I’ve always tried to write for a general audience rather than an audience of fellow beer geeks (though I hope they enjoy my books too.) I use beer as a jumping-off point, a vehicle, to explore wider themes. When I do signing events, I’d say at least half of the books I’m asked to sign are for the dads, brothers and husbands of the people buying them. I must stress that the women who have read them have really enjoyed them too, but I’m definitely a bit typecast as someone who writes for blokes who are difficult to buy for and don’t read all that much, but enjoy a beer-based yarn.
So with Father’s Day approaching on Sunday, here’s a recap. The links go to my individual pages about each book that give more detail, a bit of background and some quotes from reviews.
For the Dad who enjoys starting conversations with “I bet you didn’t know…”
Man Walks into a Pub is still my best-selling book. I called it a “sociable history” of beer because I wanted to write it like a long conversation in the pub and so it is, in the words of one reviewer, “full of bar-room bet-winning facts”. Miracle Brew is similarly full of insane facts but with a more specialised focus on what beer is made from. The title happened because of the sheer number of times I thought, “Whaaaat? No way!” as I was researching it.
For the Dad who prefers cider to beer
Bill Bradshaw and I wrote the first ever world guide to cider, and as far as I’m aware it’s still the only one. We put so much creativity into the book – Bill’s photos are utterly gorgeous – that we had none left for the title. So it’s called World’s Best Cider. There’s also quite a bit about cider in The Apple Orchard, which is not really book about cider even though some people think it is, because if I’m going to write about apples…
For the Dad who’s into British history
The history of beer and pubs is the history of Britain itself. Man Walks into a Pub got me into way more historical research than I had realised, and I wrote not just about how beer and pubs developed, but why – in order to understand them, I needed to know the context surrounding them. The same goes for IPA specifically – why did beer go on a six-month sea voyage to India? Why were the British in India in the first place? That’s what I explored in Hops & Glory. Finally for the history buff, if you’re watching A House Through Time at the moment, fancy seeing the same idea for a pub? Shakespeare’s Local is six centuries of history seen through one South London pub, in which in all likelihood Shakespeare used to drink.
For the Dad who loves a bit of natural history
The nature writing section of your local bookshop, the bit I like to all “bees and trees,” is big business right now, and I realised it is also a big part of the story of beer and cider. The Apple Orchard and Miracle Brew are very similar books: one about apples and how and where they grow, which covers how they are made into cider, and the other about hops, barley, water and yeast, and the incredible story behind each one before they even get to the brewery.

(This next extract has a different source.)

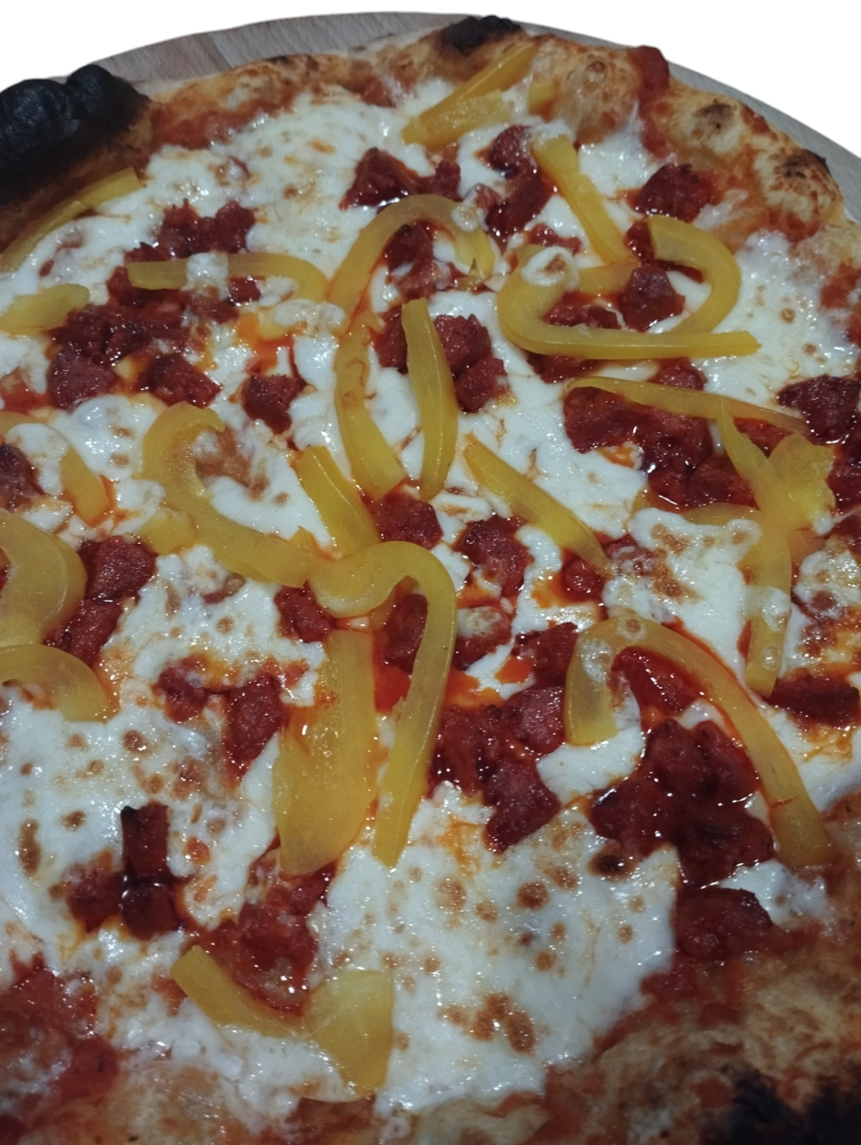 Composition : sauce tomate cuisinée, mozzarella, poivrons, chorizo.

For the Dad who loves a good fry-up or fish and chips
Pie Fidelity is essentially the same idea as Man Walks into a Pub, but written about overlooked and unfairly maligned classic British dishes rather than beer. It’s my most personal book, full of memoir, food history and eating. It also happens to be my wife Liz’s favourite book of mine, and not just because it’s the one with the least stuff about beer in it.
For the Dad who enjoys a laugh
Most of my books have a good degree of humour in them, even if they aren’t ‘comedy’ books. Man Walks into a Pub has some good gags in among the history, but without doubt Three Sheets to the Wind is the funniest book I’ve written. Mainly because lots of funny stuff happened while I was researching it, and I succeeded in getting most of it down.

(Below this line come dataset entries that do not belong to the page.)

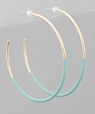 Hoop earrings are a must have this season! We are loving these light green half coated gold hoops. They are perfect for all of your upcoming events!
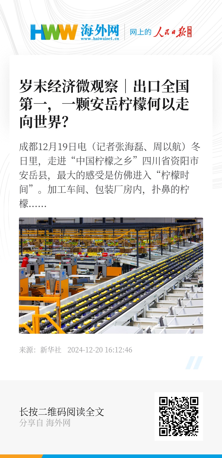 新华社成都12月19日电(记者张海磊、周以航)冬日里,走进“中国柠檬之乡”四川省资阳市安岳县,最大的感受是仿佛进入“柠檬时间”。加工车间、包装厂房内,扑鼻的柠檬清香将人包围,流水线上金黄色的果子滚动着,一车车打包好的柠檬从这里启程,发往菲律宾、泰国、越南等30多个国家和地区。
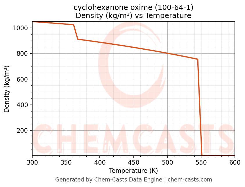 This page presents the temperature-dependent thermodynamic and transport properties of cyclohexanone oxime (CAS 100-64-1) calculated at a constant pressure of 1 atm (101325 Pa) over the temperature range 250-500 K.

For the Dad who’s simply missing propping up the bar
The Pub: A Cultural Institution is a guide to 250 of the best pubs in Britain. It’s a coffee table book, and as such it’s full of gorgeous pictures. It looks incredibly vogueish just now, because the convention around these things is that you take photos of empty pubs, so the pictures have never looked more like pubs do at the time I’m writing this. But as well as being a coffee table book, I’ve also tried to provide little vignettes of what makes each pub, and pubs in general, so special.